RALEIGH, N.C. (AP) - As a Democratic gubernatorial candidate last fall, Roy Cooper blasted his Republican opponent for adopting a more lenient standard than what’s recommended by North Carolina’s health agency for cancer-causing hexavalent chromium in well water.
Now that he’s governor, Cooper’s environmental agency has decided to keep that same standard, infuriating people who say their well water is contaminated and enabling former Gov. Pat McCrory to call Cooper a hypocrite.
The state Department of Environmental Quality’s guidelines for the well-water filtering systems Duke Energy will be required by law to install for some neighbors of its North Carolina coal-ash storage pits were announced last week. They match the standard for protecting against hexavalent chromium that McCrory’s administration adopted, which is about 140 times higher than the amount the state’s health agency says could harm human health if exceeded.
The U.S. Environmental Protection Agency says hexavalent chromium is likely to be carcinogenic when ingested. The chemical was portrayed as poisoning residents of a California town in a Hollywood movie about legal sleuth Erin Brockovich.
Neighbors of the pits had been warned in 2015 against drinking well water with hexavalent chromium levels over the state health agency’s safety threshold, which equates to a one-in-a-million chance of developing cancer for someone drinking the water over a lifetime. McCrory’s team last year called that threshold too conservative and dropped the do-not-drink warnings.
McCrory declared Thursday that he’s been vindicated.

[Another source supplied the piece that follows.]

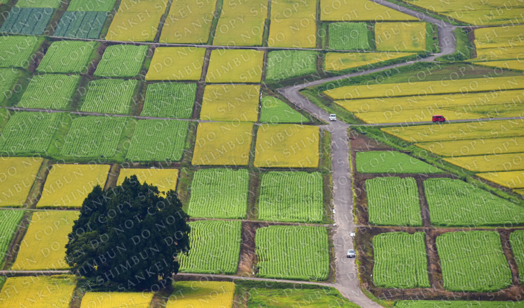 | 作品説明 | 山本山高原から望むコメとソバの田畑。黄金色に色づき始めた稲穂と緑のソバの葉がパッチワークを描く新潟県小千谷市 |

“I concur with the administration about its decision because that’s exactly what our team of scientists came to, the same conclusion. It’s exactly what we recommended. Candidate Cooper said otherwise,” McCrory said in a phone interview. “The actions of this administration verify that the Cooper campaign misled and deceived the public about our drinking water in order to help win a campaign.”
Cooper spokesman Ford Porter said agencies are following the advice of state scientists and staff.
Lawyers representing coal-ash neighbors ripped the standard now adopted by Cooper’s administration.
“Families will have to rely on these systems for safe tap water,” the lawyers said in a statement. “The much higher DEQ standard does not adequately protect the families who live near the coal ash.”
The stricter health-safety mark for hexavalent chromium is a non-enforceable goal that could be updated, but the more-tolerant level the environmental agency adopted conforms to state groundwater quality regulations, Department of Environmental Quality Michael Regan said in an interview Thursday.
A science advisory board will study how much hexavalent chromium is safe to ingest and offer suggestions.
“We need to remove the ambiguity,” Regan said.